▶ Task brief: The reply must contain exactly the lines below from the one with "Lacerations - Answers" down to the one with "Découvrez l'atmosphère unique", both included, and nothing more; please omit the pictures.

▶ The data:
○ ○ ○ ○ ○ ○ ○

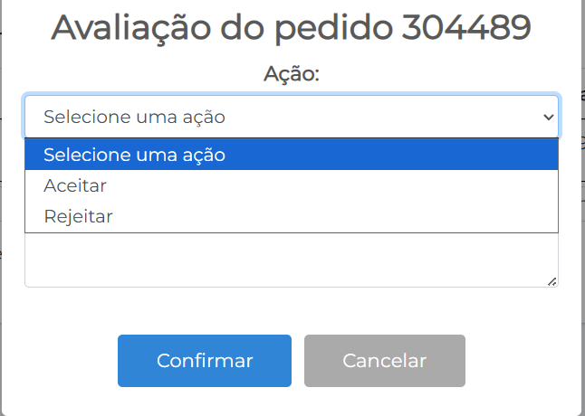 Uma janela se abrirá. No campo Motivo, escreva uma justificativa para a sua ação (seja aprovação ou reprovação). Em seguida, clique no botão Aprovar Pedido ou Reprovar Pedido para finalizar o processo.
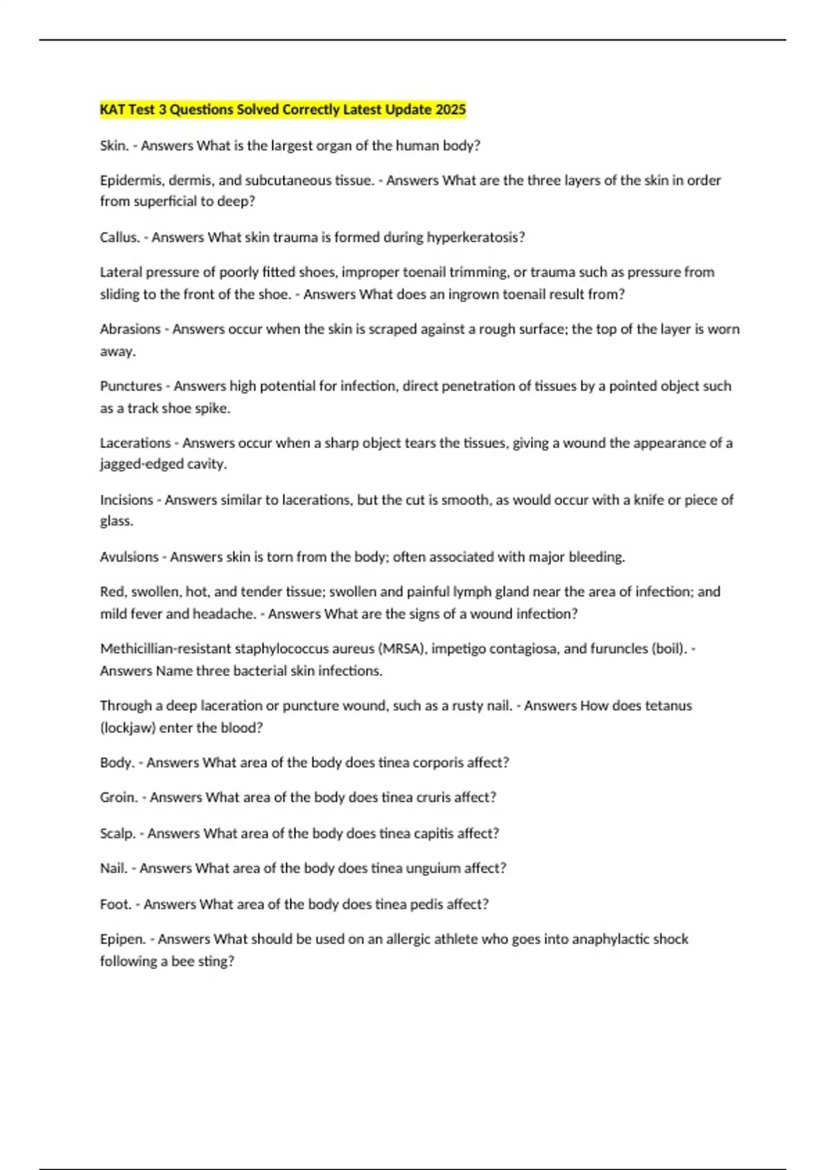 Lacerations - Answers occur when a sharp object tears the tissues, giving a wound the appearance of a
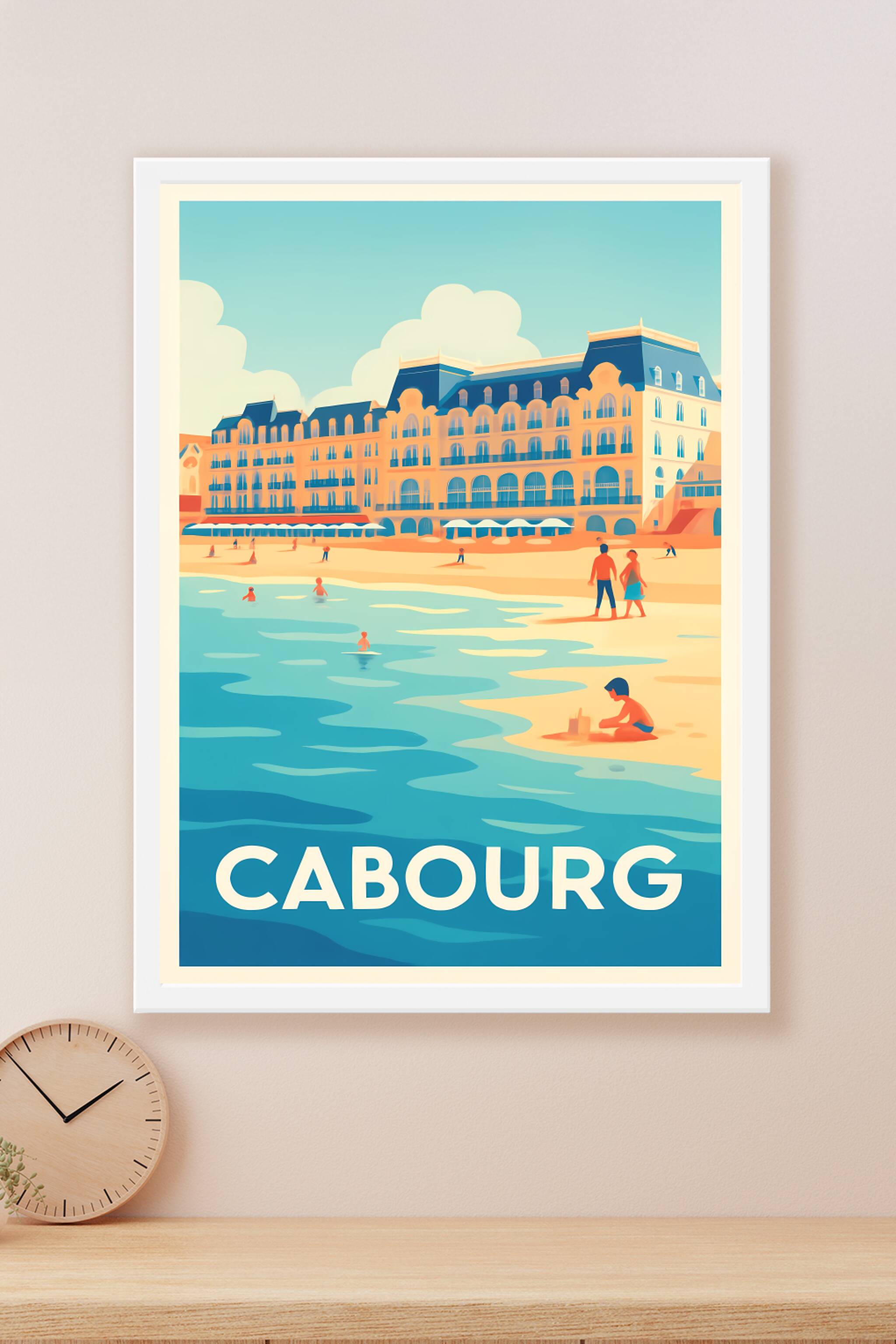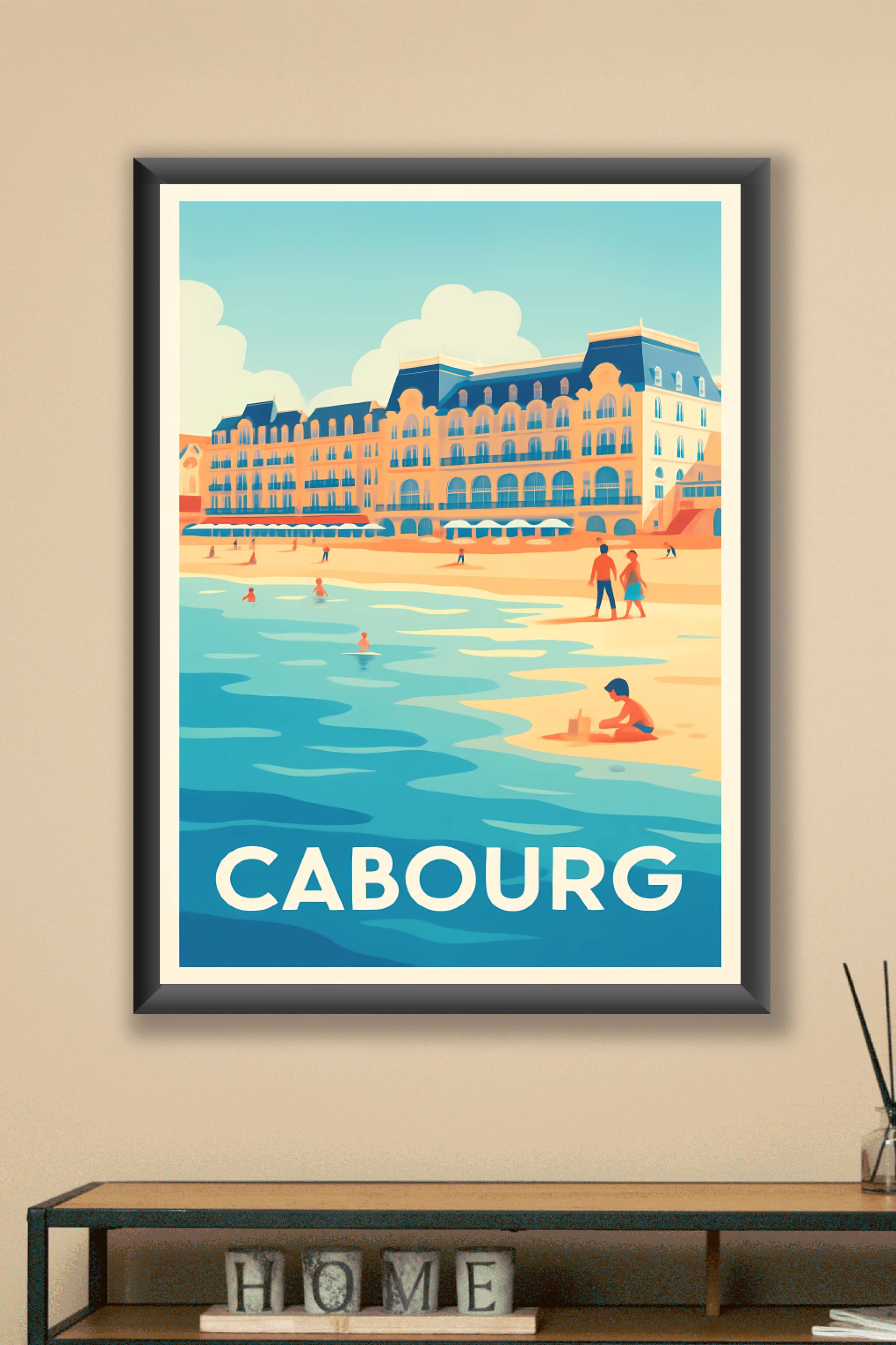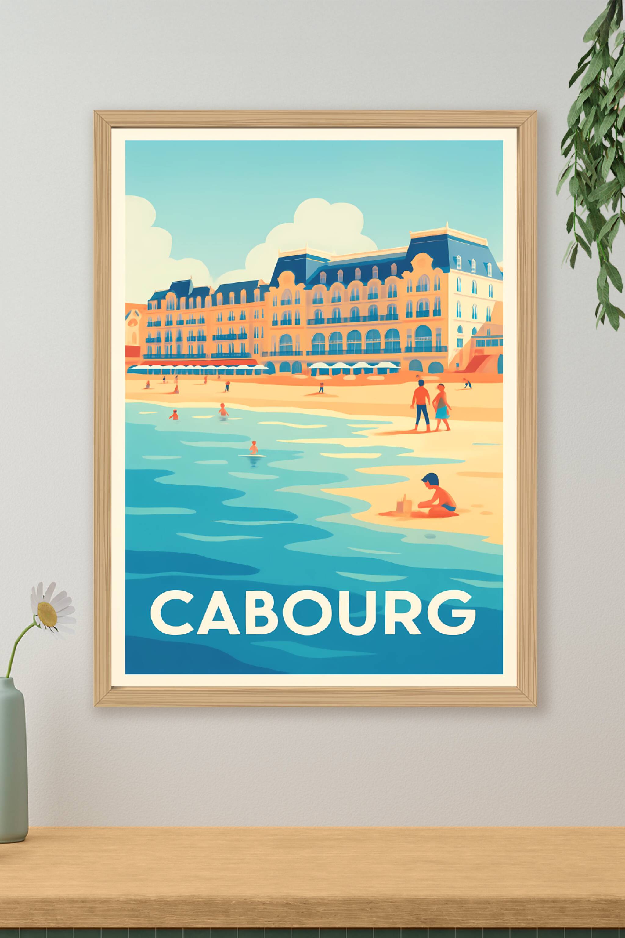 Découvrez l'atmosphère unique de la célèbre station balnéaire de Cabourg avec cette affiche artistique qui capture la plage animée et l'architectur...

○ ○ ○ ○ ○ ○ ○

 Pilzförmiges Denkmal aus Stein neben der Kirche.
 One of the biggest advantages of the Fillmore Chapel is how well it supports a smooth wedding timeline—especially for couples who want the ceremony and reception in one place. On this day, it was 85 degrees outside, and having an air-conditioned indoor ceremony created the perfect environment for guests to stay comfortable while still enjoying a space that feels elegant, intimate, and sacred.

○ ○ ○ ○ ○ ○ ○

▶ Task result:
 Lacerations - Answers occur when a sharp object tears the tissues, giving a wound the appearance of a
 Découvrez l'atmosphère unique de la célèbre station balnéaire de Cabourg avec cette affiche artistique qui capture la plage animée et l'architectur...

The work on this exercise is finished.